NOTICE! - I don't mention anti-virus? Well - actually Avast is my favorite, but during my honeypot tests, I am beginning to wonder if running with restricted rights and keeping everything updated has made both AV/ AND AM obsolete! This leads to the next category of updater tools to keep the PC environment locked down and almost invulnerable.
4. This category can keep malware and viruses from comprimising the protection the operating system already provides to the OS, and also plugging holes in applications that or more likely than anything to blow holes in your security.
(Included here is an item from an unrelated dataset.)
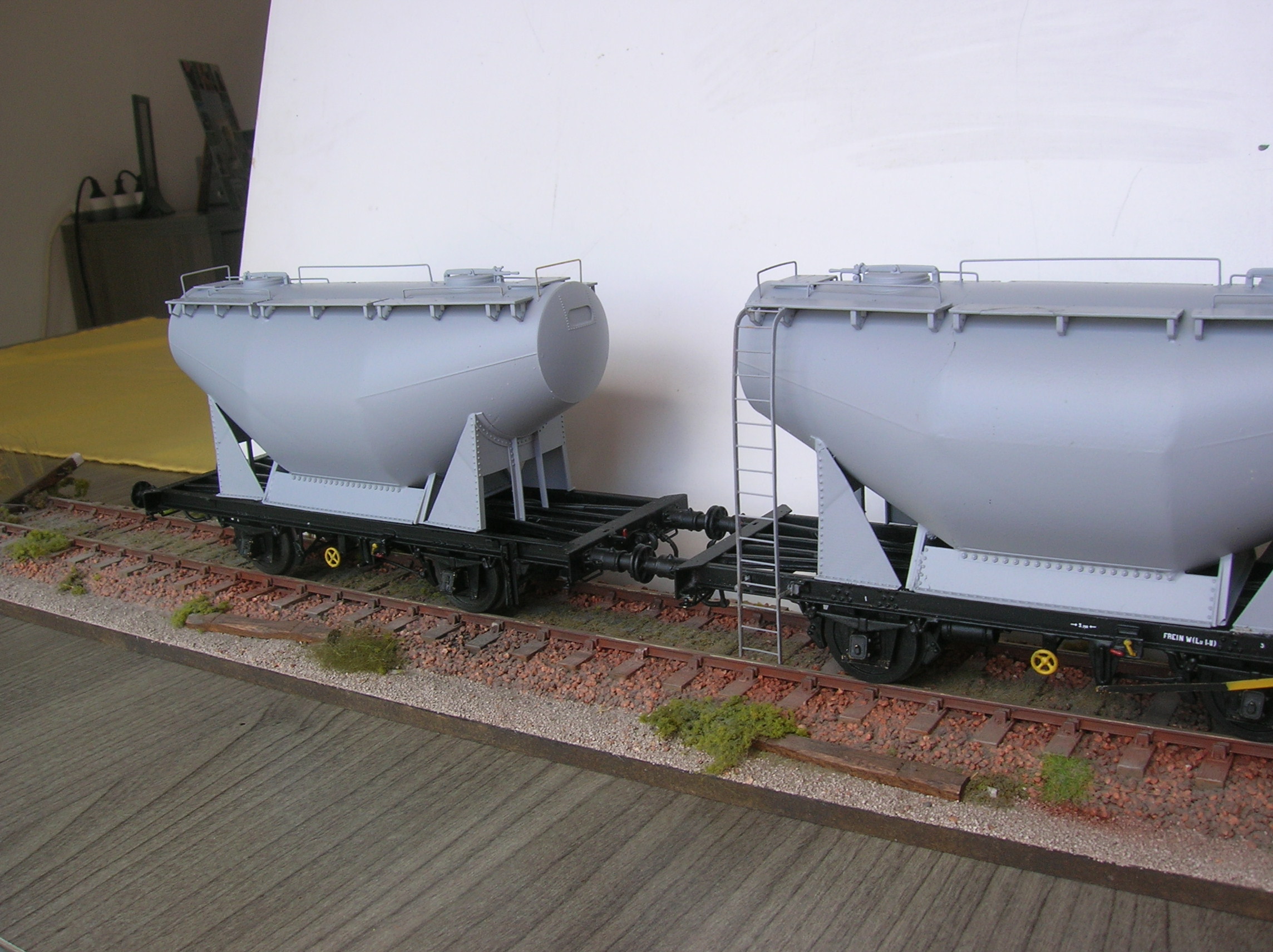 Ces wagons furent construit par le PLM en 1924 sur des châssis de récupération allemands au nombre de 5 si mes souvenirs sont bons, sur des plans italiens, 3 citernes à céréale à 2 a produit pulvérulent
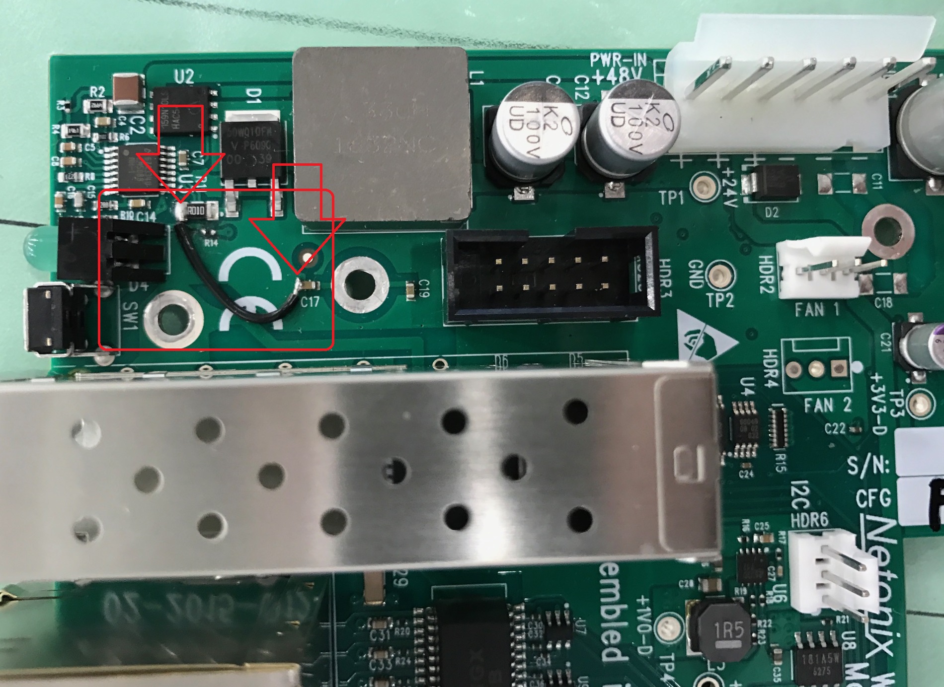 If anybody cares, could you confirm that I did this mod correctly on this WS-12-250-AC-REV_B ?? The board layout is slightly different, but TP4 GND should be OK according to the instructions.

No AV or AM can help you there!
a. Secunia PSI - the new version will pop up during limited sessions to let you know when it can't automatically keep your applications updated. CNET's update alerts through email will usually beat PSI to the rescue, but the following will usually beat all of them.
b. File Hippo Update Checker - this handy updater helper, can beat the others to the punch sometimes three days earlier that any other source. Downloading their updates can be an easier way to accomplish the task too, but simply using your browsers updater is the best once File Hippo lets you know what needs updating. Unfortunately Windows security has improved just enough that FH can't alert you while you are running as limited user anymore. So if you want the max alert time before a zero day threat, you would have to log onto the administrator at least once a day. I personally don't do this; but my bank account is not likely to be compromised, as the bank limits the power of using accounts online, so criminals can't take over the account anyway. Your mileage may vary!
5. The last category addresses methods of payment; and many have already mentioned PayPal. Your Paypal account is only as good as the password protecting it though; so bear that in mind. Most crooks simply guess your password, or get it from surveillance and empty you account that way, they can intercept your email during man-in-the-middle attacks, so you might not get an email alert. You can always tie a store bought pay card to the account to limit the damage, or a credit card that can be blocked if PayPal goes awry. One of my favorite methods is to use an Online Secure Credit Card. This card number is only good for the vendor it is issued to, and if someone else tries to use it, BOOM! - they get nothing! HA! I love keeping the money out of the criminals hands in the first place! Discover is the only credit card company that I know of, doing this now. If anyone knows of others, please chime in.
In conclusion I would just like to add, that when I am attacking my honeypot limited account with zero day threats, 75% to 85% or more of the time, something in the modern Windows browser, or operating system will stop the threat cold in it's tracks - it just takes good judgment to NOT blow through the DEP, ALSR, the UAC, and other embedded security features in Windows. I challenge you to look for new security solutions here on CNET that actually provide real time malware protection on limited Windows accounts. Now that AdAware has lost its reputation, that is getting hard to find!